How to complete this task »
Reproduce the records below exactly, but only between the lines holding "Eu planejei  ir" and "1. Для того", inclusive.

Source material »
◇ ◇ ◇ ◇
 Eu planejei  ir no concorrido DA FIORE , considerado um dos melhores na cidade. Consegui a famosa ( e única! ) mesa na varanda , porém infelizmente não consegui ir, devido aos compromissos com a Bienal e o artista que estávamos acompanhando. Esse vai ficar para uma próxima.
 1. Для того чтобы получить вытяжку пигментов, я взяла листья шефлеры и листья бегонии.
◇ ◇ ◇ ◇
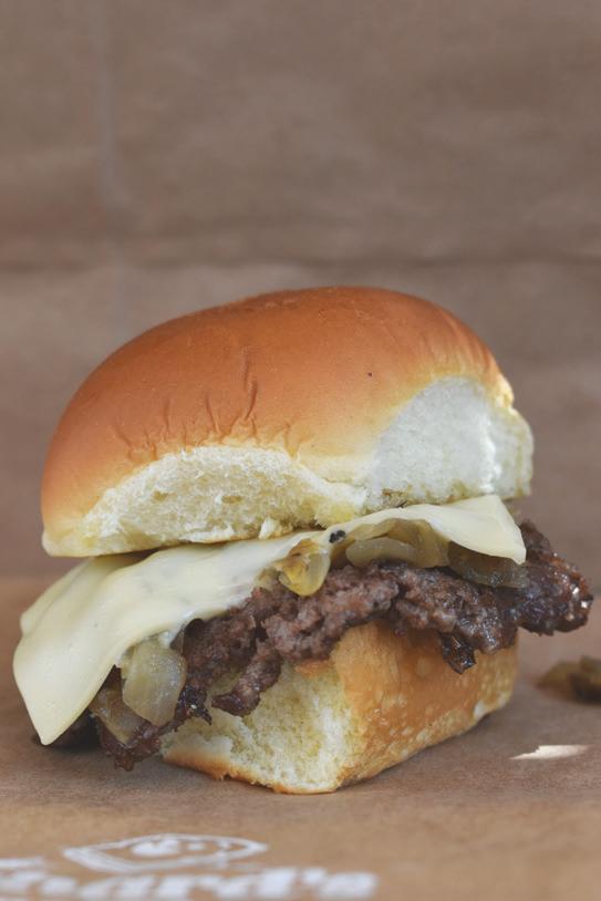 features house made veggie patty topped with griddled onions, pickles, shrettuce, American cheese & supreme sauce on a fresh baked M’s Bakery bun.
◇ ◇ ◇ ◇
Written reply »
 Eu planejei  ir no concorrido DA FIORE , considerado um dos melhores na cidade. Consegui a famosa ( e única! ) mesa na varanda , porém infelizmente não consegui ir, devido aos compromissos com a Bienal e o artista que estávamos acompanhando. Esse vai ficar para uma próxima.
 1. Для того чтобы получить вытяжку пигментов, я взяла листья шефлеры и листья бегонии.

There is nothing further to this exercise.